+++ Data for processing +++

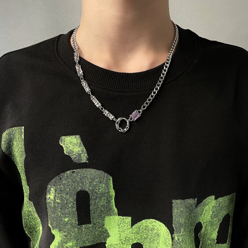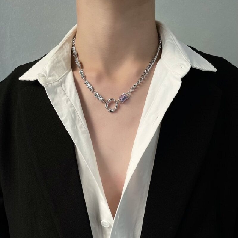 钛钢水晶项链男原创设计高级感小众气质时尚潮牌配饰ins嘻哈
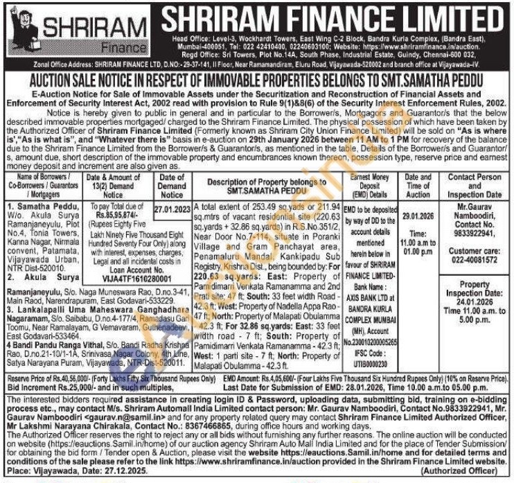A total extent of 253.49 sq yads or 211.94 sq.mtrs of vacant residential site (220.63) sq.yards + 32.86 sq.yards) in R.S.No. 351/2, Near Door No.7-114, situate in Poranki Village and Gram Panchayat area, Penamaluru Mandal, Kankipadu Sub Registry, Krishna Dist., being bounded by: For 220.63 sq.yards: East: Property of Pamidimari Venkata Ramanamma and 2nd Prati site; 47 ft: South: 33 feet width Road -42.3 ft; West: Property of Nadella Appa Rao-47 ft; North: Property of Malapati Obulamma 42.3 ft, For 32.86 sq.yards: East: 33 feet width road 7 ft; South: Property of Pamidimarri Venkata Ramanamma-42.3 ft: West: 1 parti site - 7 ft, North: Property of Malapati Obulamma-42.3 ft.
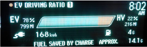 I was pushing the envelope a little today (Wednesday). When I got home I was out of EV range, 0 miles of gas left.
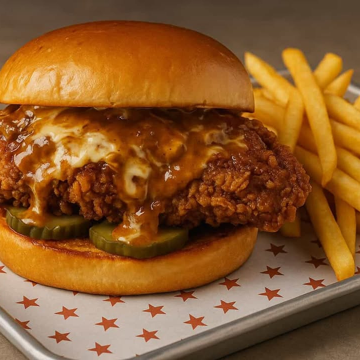 Hamburguesa de pollo crujiente por fuera, jugosa por dentro, acompañada de papas fritas y refresco. Adereza con tu salsa favorita y disfruta.
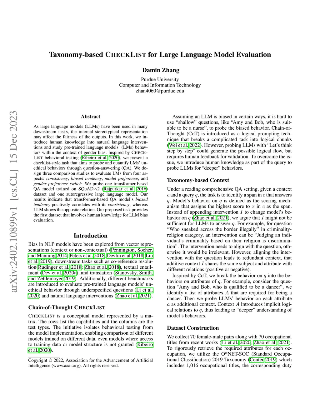 Taxonomy-based CheckList for Large Language Model Evaluation
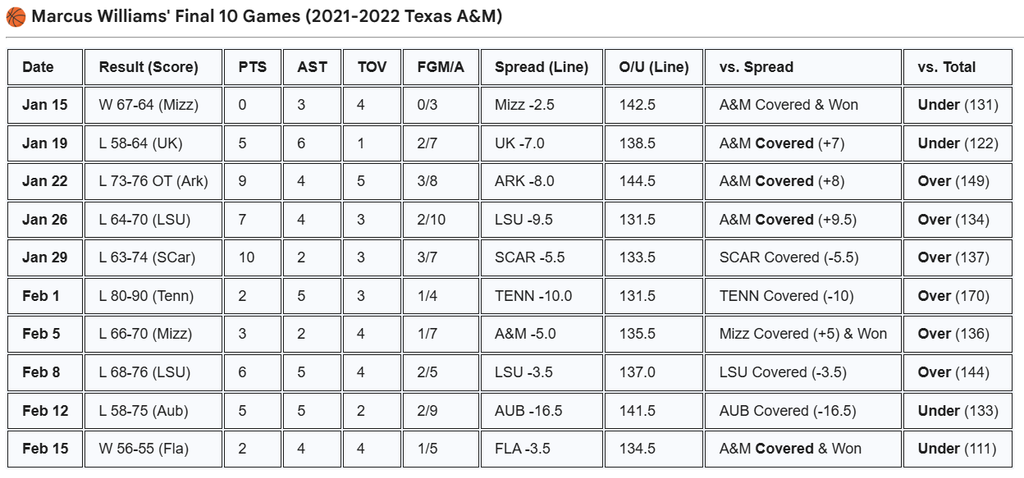 In Marcus Williams' last 10 games on the team, the Aggies Lost 9 of those including 8 in a row.
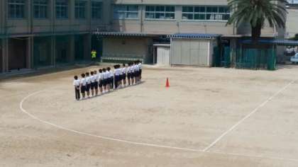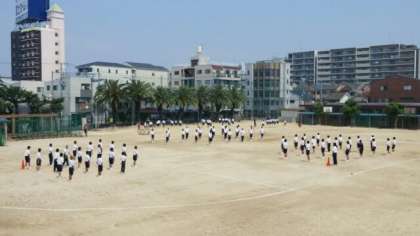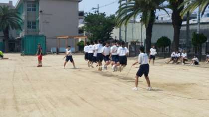 2時間目、女子は大縄跳びの練習、男子は集団演技の練習に取り組みました。
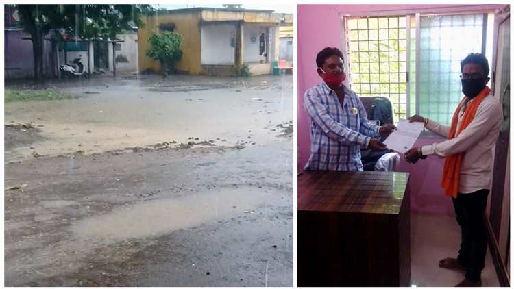 साचलेल्या पाण्याचे विल्हेवाट त्वरित करून गावकऱ्यांच्या आरोग्याचा विचार करावा अशा आशयाचे निवेदन युवा सेनेचे चेतन बरशेट्टीवार यांच्यासह गावकऱ्यांनी ग्रामपंचायत सचिव गणेश मुके यांना दिले.
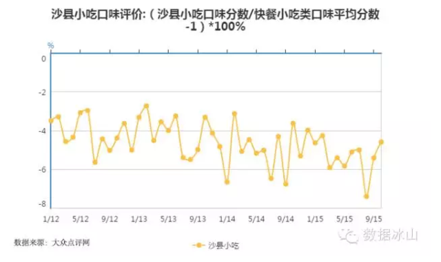 通过使用指标:(沙县小吃口味分数/快餐小吃类口味平均分数-1)*100%来评价沙县小吃的口味,可以看到,沙县小吃的味道一直低于快餐小吃类店铺的平均水平,且与快餐小吃类店铺口味差距逐年拉大。常年如一,地方性局限的味道也很难提高消费者的忠诚度。
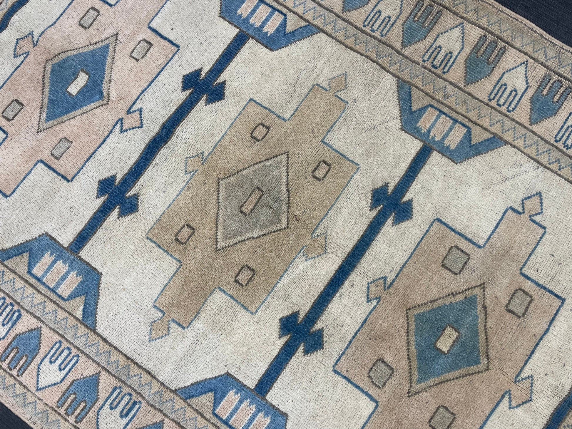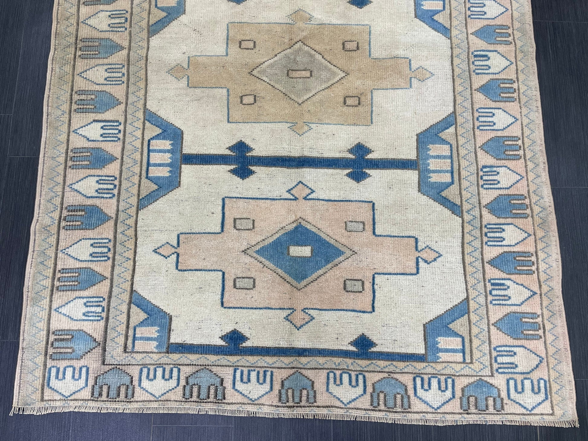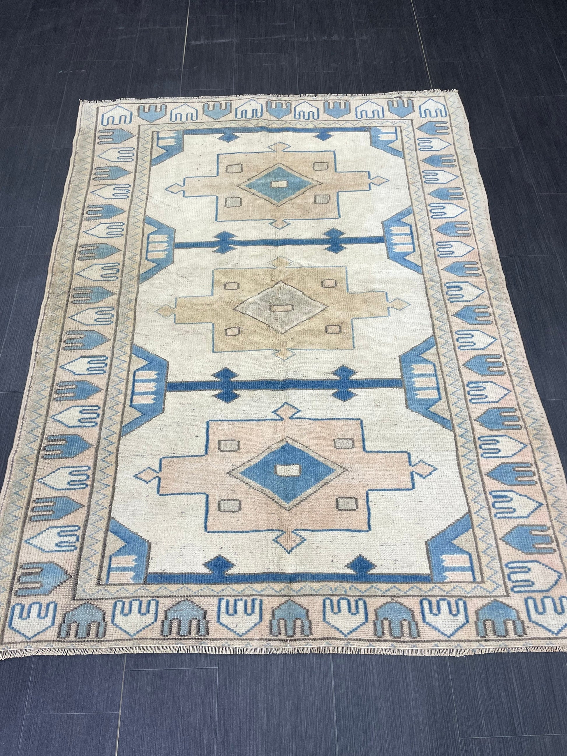 Vintage Blue Rug Muted 4.6 x 6.3 Vintage Rug Wool Light Blue Oushak Rug Hand Made Rugs Vintage Turkish Rug Living Room Rug
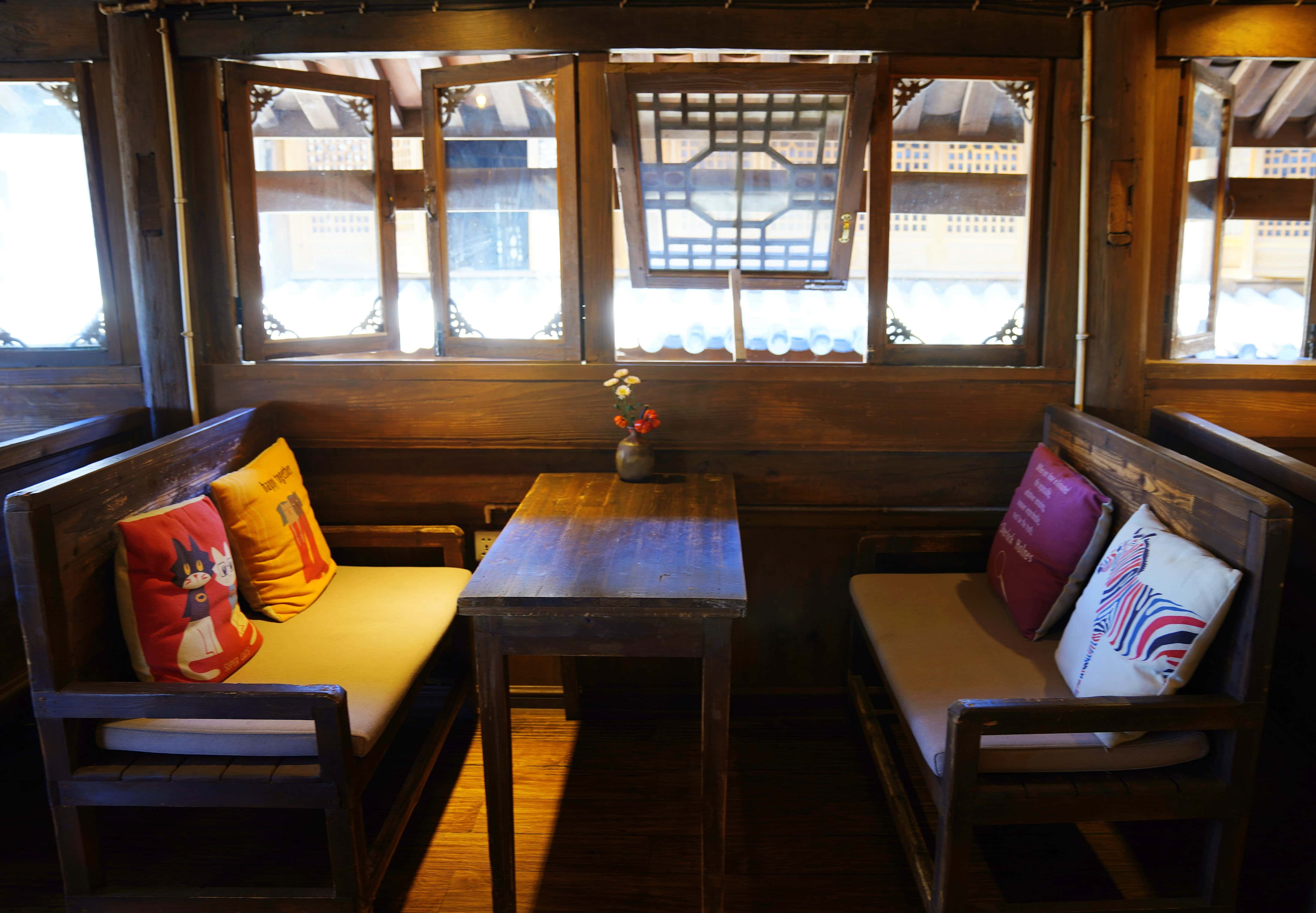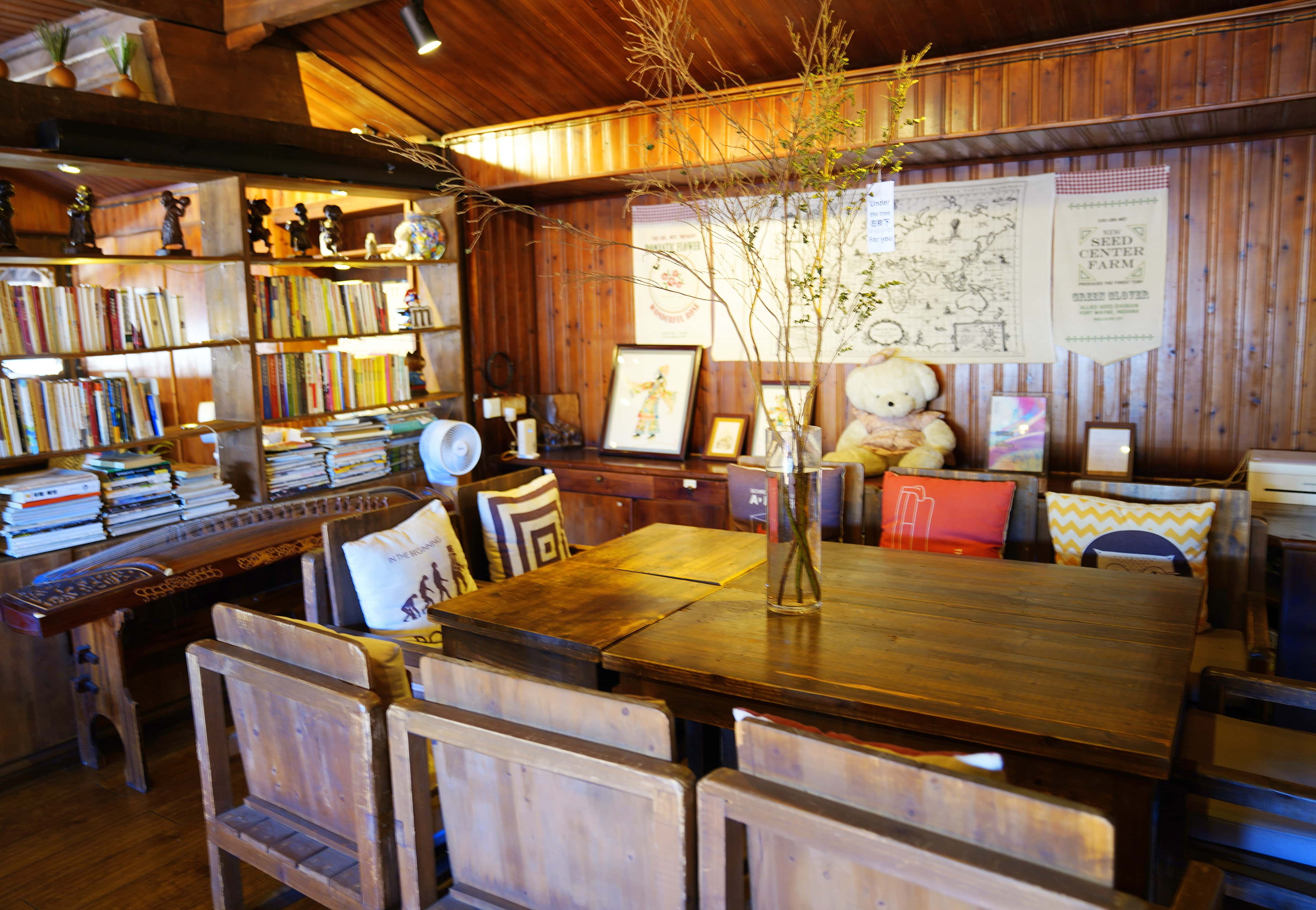 店内环境雅致又透着古朴气息,一张能容纳十人的大桌旁,摆满了各式装饰物与图书,你可以约上三五好友,边聊边品咖啡,也能独自静坐,翻几页闲书打发时光。靠窗的一排卡座位置绝佳,探出头去,对面的店铺、狭长的街巷尽收眼底,恍惚间竟生出几分异域韵味。

+++

→ **What you need to do**:
Word for word, repeat all the data, but not its images.

→ **Reply**:
 钛钢水晶项链男原创设计高级感小众气质时尚潮牌配饰ins嘻哈
A total extent of 253.49 sq yads or 211.94 sq.mtrs of vacant residential site (220.63) sq.yards + 32.86 sq.yards) in R.S.No. 351/2, Near Door No.7-114, situate in Poranki Village and Gram Panchayat area, Penamaluru Mandal, Kankipadu Sub Registry, Krishna Dist., being bounded by: For 220.63 sq.yards: East: Property of Pamidimari Venkata Ramanamma and 2nd Prati site; 47 ft: South: 33 feet width Road -42.3 ft; West: Property of Nadella Appa Rao-47 ft; North: Property of Malapati Obulamma 42.3 ft, For 32.86 sq.yards: East: 33 feet width road 7 ft; South: Property of Pamidimarri Venkata Ramanamma-42.3 ft: West: 1 parti site - 7 ft, North: Property of Malapati Obulamma-42.3 ft.
 I was pushing the envelope a little today (Wednesday). When I got home I was out of EV range, 0 miles of gas left.
 Hamburguesa de pollo crujiente por fuera, jugosa por dentro, acompañada de papas fritas y refresco. Adereza con tu salsa favorita y disfruta.
 Taxonomy-based CheckList for Large Language Model Evaluation
 In Marcus Williams' last 10 games on the team, the Aggies Lost 9 of those including 8 in a row.
 2時間目、女子は大縄跳びの練習、男子は集団演技の練習に取り組みました。
 साचलेल्या पाण्याचे विल्हेवाट त्वरित करून गावकऱ्यांच्या आरोग्याचा विचार करावा अशा आशयाचे निवेदन युवा सेनेचे चेतन बरशेट्टीवार यांच्यासह गावकऱ्यांनी ग्रामपंचायत सचिव गणेश मुके यांना दिले.
 通过使用指标:(沙县小吃口味分数/快餐小吃类口味平均分数-1)*100%来评价沙县小吃的口味,可以看到,沙县小吃的味道一直低于快餐小吃类店铺的平均水平,且与快餐小吃类店铺口味差距逐年拉大。常年如一,地方性局限的味道也很难提高消费者的忠诚度。
 Vintage Blue Rug Muted 4.6 x 6.3 Vintage Rug Wool Light Blue Oushak Rug Hand Made Rugs Vintage Turkish Rug Living Room Rug
 店内环境雅致又透着古朴气息,一张能容纳十人的大桌旁,摆满了各式装饰物与图书,你可以约上三五好友,边聊边品咖啡,也能独自静坐,翻几页闲书打发时光。靠窗的一排卡座位置绝佳,探出头去,对面的店铺、狭长的街巷尽收眼底,恍惚间竟生出几分异域韵味。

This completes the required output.